A description of the ECS logic can be found here https://en.wikipedia.org/wiki/Entity_component_system Every component of the application represents a single entity that can draw on the terminal, access user data or spawn processes. This is the entity & component part of the ECS architecture merged together.

All components implement the Component{.rust} trait:

pub trait Component {
    fn draw(&mut self, grid: &mut CellBuffer, area: Area, context: &mut Context);
    fn process_event(&mut self, event: &mut UIEvent, context: &mut Context) -> bool;
    fn is_dirty(&self) -> bool;
    fn set_dirty(&mut self);

		/* ... */
}

The program's data state is held in a System object called Context{.rust}. The State{.rust} object holds the necessary bits to run the basic event loop.

struct Context {
    pub accounts: Vec<Account>,
    pub mailbox_hashes: FnvHashMap<FolderHash, usize>,
    pub settings: Settings,

    pub runtime_settings: Settings,
    /// Areas of the screen that must be redrawn in the next render
    pub dirty_areas: VecDeque<Area>,

    /// Events queue that components send back to the state
    pub replies: VecDeque<UIEvent>,
    sender: Sender<ThreadEvent>,
    receiver: Receiver<ThreadEvent>,
    input: InputHandler,

    pub temp_files: Vec<File>,
}

struct State {
    cols: usize,
    rows: usize,

    grid: CellBuffer, /* The terminal as a grid */
    stdout: Option<StateStdout>,
    child: Option<ForkType>,
    pub mode: UIMode, /* Normal, Input, Execute input, Fork.. */
    components: Vec<Box<Component>>, /* UI components */
    pub context: Context,
    threads: FnvHashMap<thread::ThreadId, (chan::Sender<bool>, thread::JoinHandle<()>)>,
    work_controller: WorkController, /* async jobs */
}

drawing output

An event loop looks roughly like this:

  • see if Context{.rust} contains events to be received. These events are added by Components in previous loops.
  • if any event existed, the grid might be modified. So redraw all dirty bits of the terminal grid.
  • block on multiple writers-single reader channel that receives from the input thread, the mail update polling threads, timers, and anything else that accesses Context.sender{.rust} field.
  • State{.rust} passes down the events by calling component.process_event(&mut event, &mut self.context){.rust}. Components recursively pass the event down to their children.

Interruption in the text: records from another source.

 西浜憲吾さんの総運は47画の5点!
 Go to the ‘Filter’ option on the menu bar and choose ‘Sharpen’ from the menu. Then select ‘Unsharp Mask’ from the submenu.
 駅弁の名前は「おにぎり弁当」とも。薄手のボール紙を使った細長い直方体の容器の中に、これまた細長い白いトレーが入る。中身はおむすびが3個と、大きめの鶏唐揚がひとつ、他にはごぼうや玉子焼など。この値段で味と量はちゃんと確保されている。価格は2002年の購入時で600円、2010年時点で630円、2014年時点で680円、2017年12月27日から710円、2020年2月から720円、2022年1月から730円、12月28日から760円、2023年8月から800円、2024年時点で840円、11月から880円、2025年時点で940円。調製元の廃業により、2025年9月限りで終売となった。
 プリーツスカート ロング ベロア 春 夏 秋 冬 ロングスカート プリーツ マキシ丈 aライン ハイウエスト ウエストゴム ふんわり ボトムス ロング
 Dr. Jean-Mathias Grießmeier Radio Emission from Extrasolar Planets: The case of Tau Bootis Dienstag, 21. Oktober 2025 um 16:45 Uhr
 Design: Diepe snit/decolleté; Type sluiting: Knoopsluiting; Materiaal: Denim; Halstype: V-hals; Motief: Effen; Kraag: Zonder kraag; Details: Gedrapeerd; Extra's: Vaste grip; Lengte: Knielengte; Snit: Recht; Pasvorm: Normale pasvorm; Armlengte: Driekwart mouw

UI updates are supposed to be incremental for speed. Single envelope updates should only cause the minimally required UI updates.

When drawing, Components update the grid and push the area coordinates of their updates to Context{.rust}. When State finally redraws in the next event loop, it does a horizontal sweep in all the dirty areas to avoid redrawing common parts. Areas are sorted by x coordinate and common segments of all dirty areas are drawn once.

data handling

To represent relationships between different objects without references, vector indexes and hashmap keys are used. This way most data reading or modification is done inside the Context{.rust} object. Caution must be exercised to keep all these indirect references up to date when something is modified or deleted.

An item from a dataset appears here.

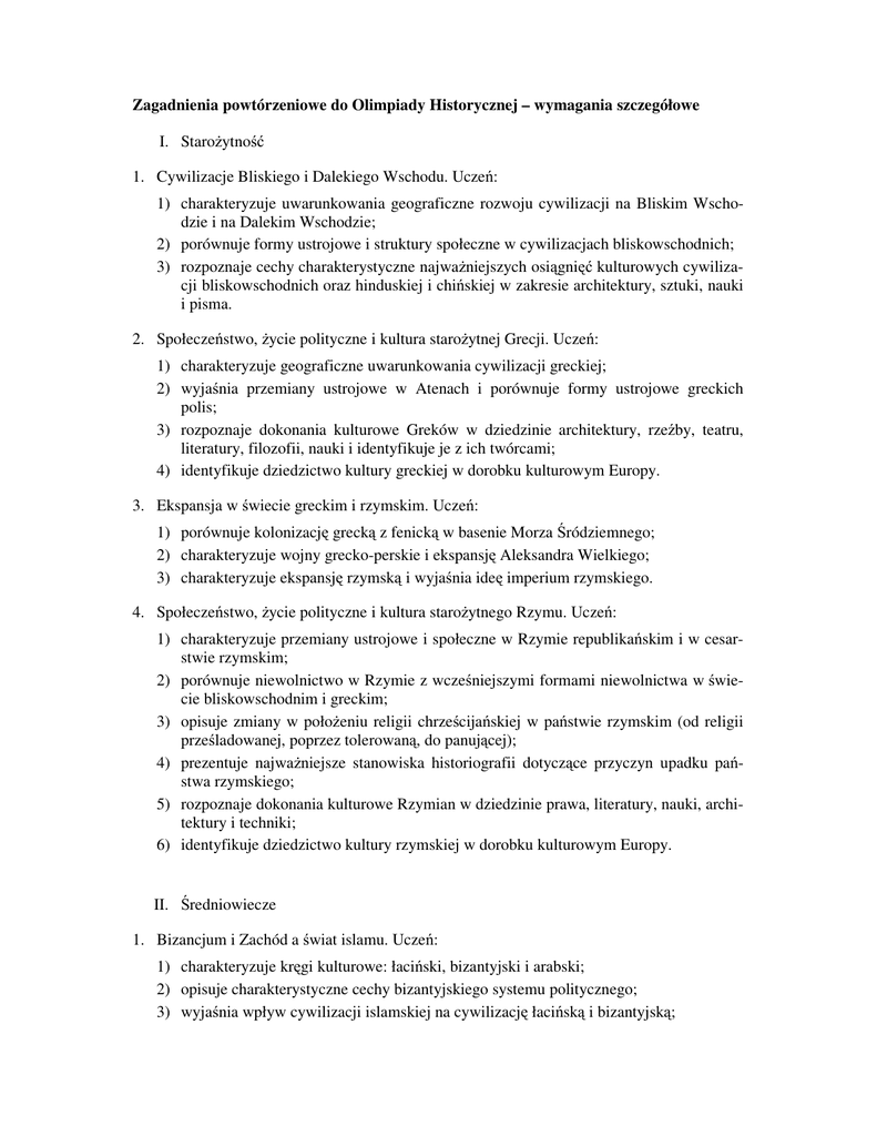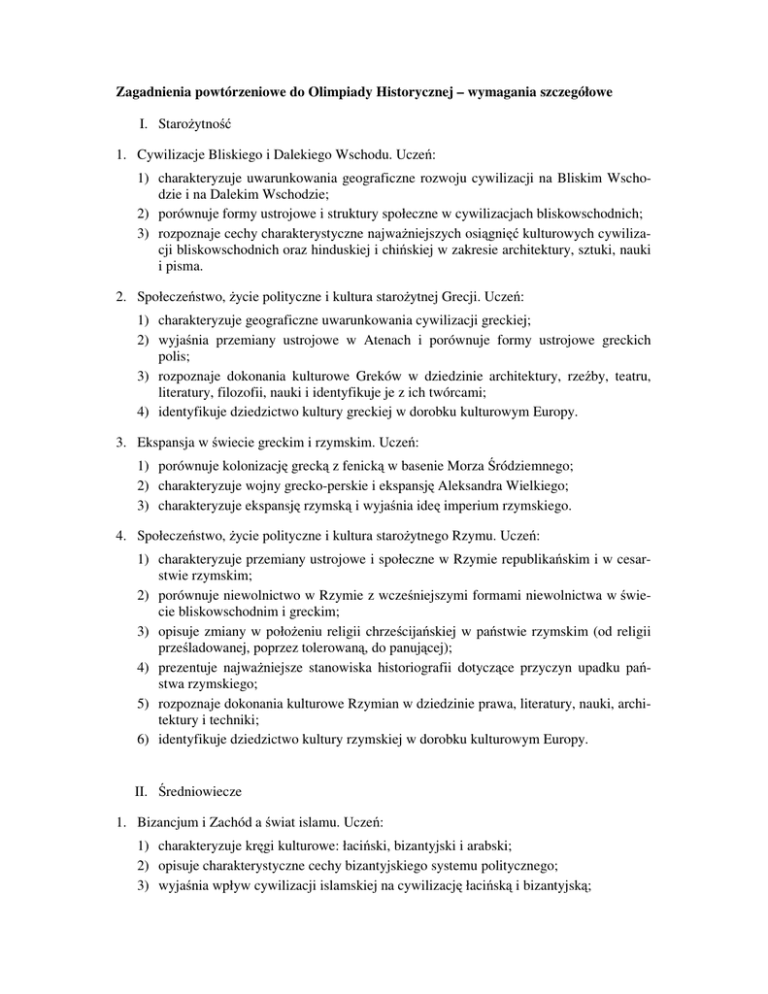 Zagadnienia powtórzeniowe do Olimpiady Historycznej – wymagania szczegółowe I. Starożytność 1. Cywilizacje Bliskiego i Dalekiego Wschodu. Uczeń: 1) charakteryzuje uwarunkowania geograficzne rozwoju cywilizacji na Bliskim Wschodzie i na Dalekim Wschodzie; 2) porównuje formy ustrojowe i struktury społeczne w cywilizacjach bliskowschodnich; 3) rozpoznaje cechy charakterystyczne najważniejszych osiągnięć kulturowych cywilizacji bliskowschodnich oraz hinduskiej i chińskiej w zakresie architektury, sztuki, nauki i pisma. 2. Społeczeństwo, życie polityczne i kultura starożytnej Grecji. Uczeń: 1) charakteryzuje geograficzne uwarunkowania cywilizacji greckiej; 2) wyjaśnia przemiany ustrojowe w Atenach i porównuje formy ustrojowe greckich polis; 3) rozpoznaje dokonania kulturowe Greków w dziedzinie architektury, rzeźby, teatru, literatury, filozofii, nauki i identyfikuje je z ich twórcami; 4) identyfikuje dziedzictwo kultury greckiej w dorobku kulturowym Europy. 3. Ekspansja w świecie greckim i rzymskim. Uczeń: 1) porównuje kolonizację grecką z fenicką w basenie Morza Śródziemnego; 2) charakteryzuje wojny grecko-perskie i ekspansję Aleksandra Wielkiego; 3) charakteryzuje ekspansję rzymską i wyjaśnia ideę imperium rzymskiego. 4. Społeczeństwo, życie polityczne i kultura starożytnego Rzymu. Uczeń: 1) charakteryzuje przemiany ustrojowe i społeczne w Rzymie republikańskim i w cesarstwie rzymskim; 2) porównuje niewolnictwo w Rzymie z wcześniejszymi formami niewolnictwa w świecie bliskowschodnim i greckim; 3) opisuje zmiany w położeniu religii chrześcijańskiej w państwie rzymskim (od religii prześladowanej, poprzez tolerowaną, do panującej); 4) prezentuje najważniejsze stanowiska historiografii dotyczące przyczyn upadku państwa rzymskiego; 5) rozpoznaje dokonania kulturowe Rzymian w dziedzinie prawa, literatury, nauki, architektury i techniki; 6) identyfikuje dziedzictwo kultury rzymskiej w dorobku kulturowym Europy. II. Średniowiecze 1. Bizancjum i Zachód a świat islamu. Uczeń: 1) charakteryzuje kręgi kulturowe: łaciński, bizantyjski i arabski; 2) opisuje charakterystyczne cechy bizantyjskiego systemu politycznego; 3) wyjaśnia wpływ cywilizacji islamskiej na cywilizację łacińską i bizantyjską; 4) rozpoznaje najważniejsze osiągnięcia cywilizacji islamskiej w zakresie architektury, sztuki i nauki. 2. Europa wczesnego średniowiecza. Uczeń: 1) opisuje zasięg terytorialny, organizację władzy, gospodarkę i kulturę państwa Franków; 2) charakteryzuje i porównuje ideę cesarstwa karolińskiego z ideą cesarstwa Ottonów; 3) opisuje proces tworzenia się państw w Europie Zachodniej, z uwzględnieniem najazdów Arabów, Normanów i Węgrów; 4) opisuje proces powstawania państw w środkowowschodniej Europie, z uwzględnieniem wpływu cywilizacji łacińskiej i bizantyjskiej; 5) charakteryzuje funkcjonowanie władzy, struktur społecznych i gospodarki w systemie feudalnym. 3. Europa w okresie krucjat. Uczeń: 1) wyjaśnia ideowe i polityczne przyczyny rywalizacji papiestwa z cesarstwem o zwierzchnictwo nad średniowieczną Europą; 2) charakteryzuje polityczne, społeczno-gospodarcze i religijne uwarunkowania oraz ocenia skutki wypraw krzyżowych do Ziemi Świętej i rekonkwisty; 3) opisuje charakterystyczne przejawy ożywienia społeczno-gospodarczego w Europie XI–XIII w.; 4) opisuje kierunki i charakter oraz konsekwencje najazdów mongolskich dla Europy Środkowo-Wschodniej. 4. Polska w okresie wczesnopiastowskim. Uczeń: 1) 2) 3) 4) prezentuje główne stanowiska historiografii dotyczące etnogenezy Słowian; wyjaśnia uwarunkowania narodzin państwa polskiego i jego chrystianizacji; opisuje rozwój terytorialny państwa polskiego w X–XII w.; rozpoznaje tendencje centralistyczne i decentralistyczne w życiu politycznym państwa polskiego w X–XII w.; 5) synchronizuje najważniejsze wydarzenia z dziejów Polski i Europy w X–XII w. 5. Polska w okresie rozbicia dzielnicowego. Uczeń: 1) wyjaśnia przyczyny polityczne i społeczno-gospodarcze oraz następstwa rozbicia dzielnicowego; 2) porównuje proces formowania się społeczeństwa stanowego w Polsce i w zachodniej Europie; 3) opisuje przemiany społeczno-gospodarcze na ziemiach polskich oraz ocenia społeczno-kulturowe skutki kolonizacji na prawie niemieckim; 4) charakteryzuje proces przezwyciężenia rozbicia politycznego ziem polskich ze wskazaniem na rolę władców i Kościoła; 5) synchronizuje najważniejsze wydarzenia z okresu rozbicia dzielnicowego i dziejów Europy. 6. Europa późnego średniowiecza. Uczeń: 1) wyjaśnia przyczyny kryzysu idei władzy uniwersalnej w Europie późnego średniowiecza; 2) charakteryzuje przemiany społeczne i gospodarcze w Europie w późnym średniowieczu; 3) opisuje zmiany na mapie politycznej Europie w XIV–XV w.; 4) charakteryzuje następstwa upadku cesarstwa bizantyńskiego i ekspansji tureckiej dla Europy. 7. Polska w XIV–XV w. Uczeń: 1) opisuje rozwój terytorialny państwa polskiego w XIV–XV w.; 2) charakteryzuje rozwój monarchii stanowej w Polsce, uwzględniając strukturę społeczeństwa polskiego w późnym średniowieczu i rozwój przywilejów szlacheckich; 3) wyjaśnia międzynarodowe i wewnętrzne uwarunkowania związków Polski z Węgrami i Litwą w XIV–XV w.; 4) charakteryzuje i ocenia stosunki polsko-krzyżackie na płaszczyźnie politycznej, gospodarczej i kulturowej; 5) ocenia panowanie Piastów w dziejach Polski; 6) ocenia politykę dynastyczną Jagiellonów; 7) synchronizuje wydarzenia z dziejów Polski i Europy w XIV–XV w. 8. Kultura średniowiecza. Uczeń: 1) wyjaśnia uniwersalny charakter kultury średniowiecznej; 2) ocenia znaczenie włączenia ziem polskich do cywilizacyjnego kręgu świata zachodniego (łacińskiego); 3) identyfikuje dokonania kultury okresu średniowiecza w zakresie piśmiennictwa, prawa, filozofii, architektury i sztuki, z uwzględnieniem kultury polskiego średniowiec

A great difficulty I face in debugging is visualising all these connections. I've started a library to provide access to Debug{.rust} implementations for gdb's pretty printing python API but I haven't reached any result yet.

Mail parsing is done asynchronously in separate threads. Mail backends such as IMAP, Maildir have to implement a Backend{.rust} trait. So far I've used the trait only with Maildir, which means it was written with its needs and abilities in mind. If all goes well, IMAP should start in the nearish future.